───── Recorded information

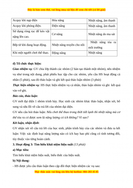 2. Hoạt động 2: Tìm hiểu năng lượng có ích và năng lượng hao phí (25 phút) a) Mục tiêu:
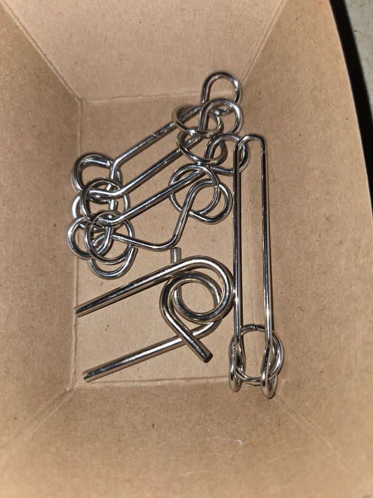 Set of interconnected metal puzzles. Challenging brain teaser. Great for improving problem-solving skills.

──────────
───── Recorded information

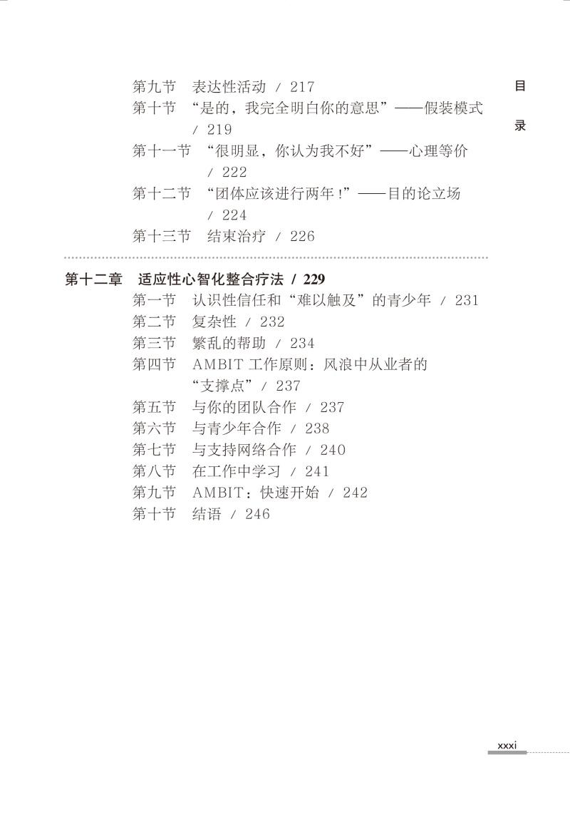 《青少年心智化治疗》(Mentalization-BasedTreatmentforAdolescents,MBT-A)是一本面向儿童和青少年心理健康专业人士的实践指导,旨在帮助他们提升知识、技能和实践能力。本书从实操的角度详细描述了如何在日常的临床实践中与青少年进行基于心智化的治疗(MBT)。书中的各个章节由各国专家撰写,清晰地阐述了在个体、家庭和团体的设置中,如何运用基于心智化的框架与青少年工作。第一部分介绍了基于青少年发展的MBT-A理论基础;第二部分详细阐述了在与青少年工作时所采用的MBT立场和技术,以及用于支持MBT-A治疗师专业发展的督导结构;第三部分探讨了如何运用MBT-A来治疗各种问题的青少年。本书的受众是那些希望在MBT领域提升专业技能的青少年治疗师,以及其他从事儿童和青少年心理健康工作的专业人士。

──────────

#### Exercise goal:
With the pictures left out, write out exactly the lines above from the one containing "2. Hoạt động" through the one containing "Set of interconnected".

#### Answer box:
 2. Hoạt động 2: Tìm hiểu năng lượng có ích và năng lượng hao phí (25 phút) a) Mục tiêu:
 Set of interconnected metal puzzles. Challenging brain teaser. Great for improving problem-solving skills.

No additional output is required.